How to parallelize something which allocates a lot?

I have a simulation, which needs around 50MB of RAM and 1 second to finish (lets call it simulate(p)).
My problem is that I have to run these simulations around 500 times, which suddenly leads to a slowdown (maybe) due to memory issues.

The simulation is not completely allocation free, since I have to do some complicated parsing in between and even call a bit of eval( Meta.parse(...) ) at unpredictable times. I can clearly see that there is a lot of work for the garbage collector since the memory often drops at regular times.

I use currently a loop like this

# pseudo-code
res = Dict( p => ResultType() for p in 1:500 ) 
Threads.@threads for p in 1:500
   res[p] = simulate(p)
end

(I will try to create a representative minimal example, but it’s a bit tricky to factor out the relevant parts. If you had a similar situation and know tips, that would already help me.)

Main question:

  • Given that the function simulate allocates a lot, what is the best strategy for parallelization?
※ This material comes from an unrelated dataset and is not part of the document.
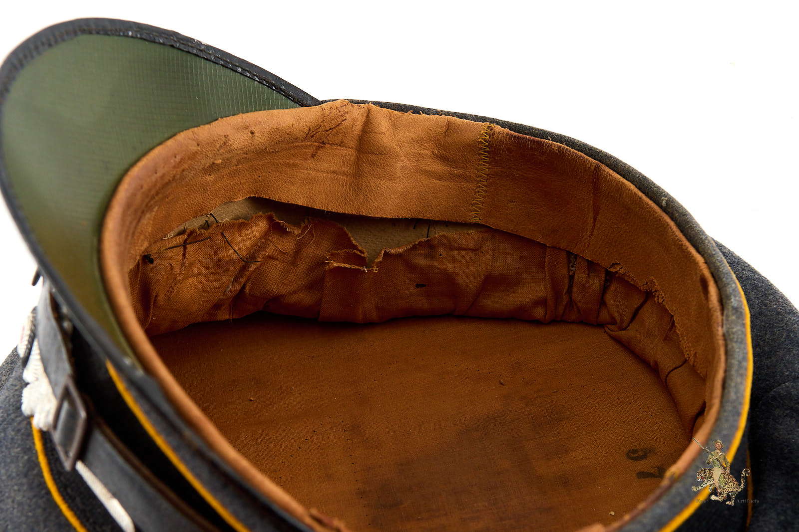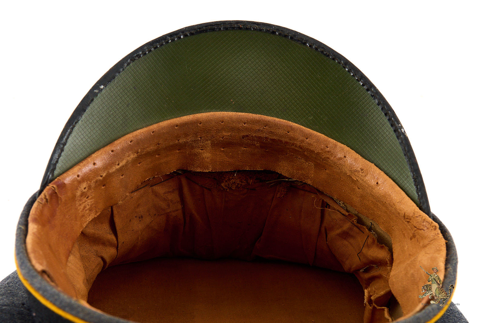 Inside, the leather sweatband shows age-related cracking with areas of sympathetic tape repair to the rear to maintain integrity. The visor edge exhibits minor losses to the surface material, consistent with honest age and handling.

Make simulate not allocate as much. Making code run on more threads will have a much smaller speedup, and be harder than making the single threaded version fast.
The specifics are impossible without knowing how simulate works, but eval( Meta.parse(...) ) is almost always an a bad idea.

1 Like

Distributed.jl, which offers pmap and @distributed.

But reducing allocations and removing eval(Meta.parse(...)) will help a lot with both Distributed and @threads.

3 Likes

Thanks for the feedback and hints!

I started experimenting with Distributed today and it seems to be better suited indeed!
In particular, since I can at least remove all workers from time to time and GC.gc() is more effective.

Of course, I absolutely agree that doing with fewer allocations is the best approach! (I already cut down the sequential speed from something like 2 minutes to 1 second.)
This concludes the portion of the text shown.